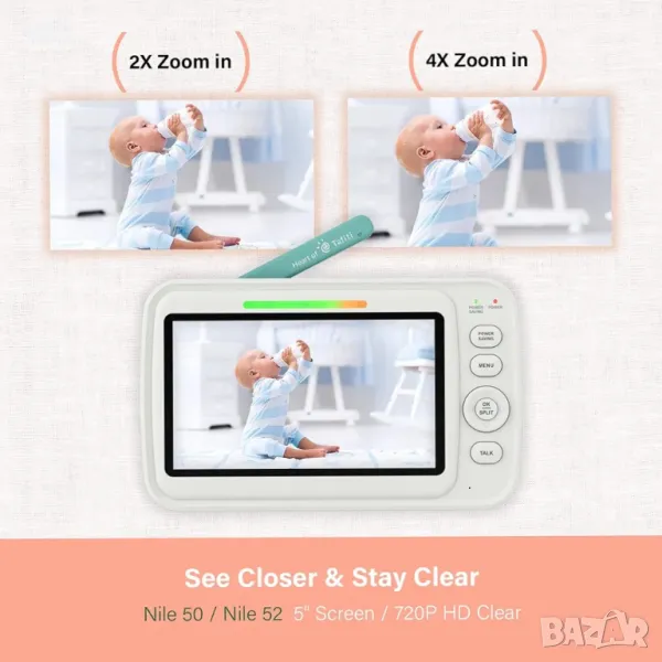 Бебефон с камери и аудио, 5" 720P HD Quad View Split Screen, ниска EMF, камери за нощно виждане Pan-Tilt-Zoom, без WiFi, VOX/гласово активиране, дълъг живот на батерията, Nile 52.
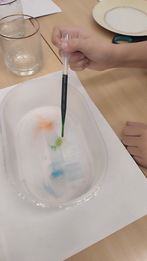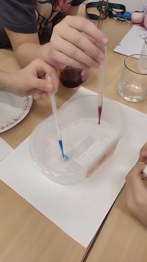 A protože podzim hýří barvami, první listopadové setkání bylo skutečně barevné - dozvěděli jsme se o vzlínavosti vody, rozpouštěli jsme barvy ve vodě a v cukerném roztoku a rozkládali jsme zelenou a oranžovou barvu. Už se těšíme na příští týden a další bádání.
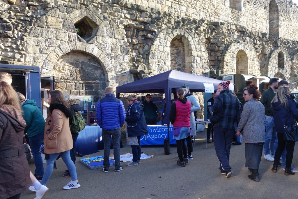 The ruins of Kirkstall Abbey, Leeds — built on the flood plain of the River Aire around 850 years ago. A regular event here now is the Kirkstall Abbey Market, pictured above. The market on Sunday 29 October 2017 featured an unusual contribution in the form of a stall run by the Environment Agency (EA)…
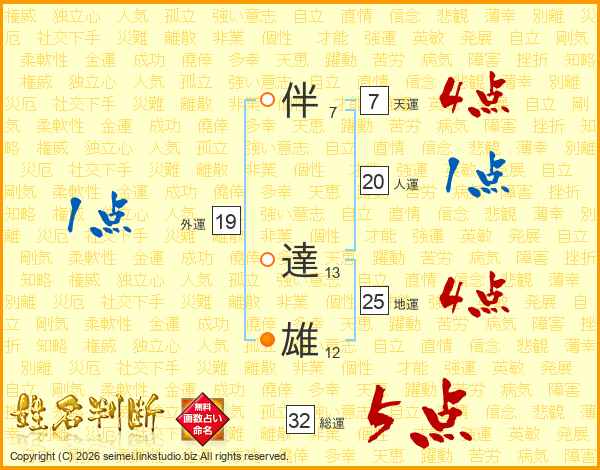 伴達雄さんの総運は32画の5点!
·····
• _TASK_: With pictures excluded, restate word for word the lines from the one that contains "The ruins of" through the end of the material, inclusive, and nothing more.

• _REPLY TO THE TASK_:
 The ruins of Kirkstall Abbey, Leeds — built on the flood plain of the River Aire around 850 years ago. A regular event here now is the Kirkstall Abbey Market, pictured above. The market on Sunday 29 October 2017 featured an unusual contribution in the form of a stall run by the Environment Agency (EA)…
 伴達雄さんの総運は32画の5点!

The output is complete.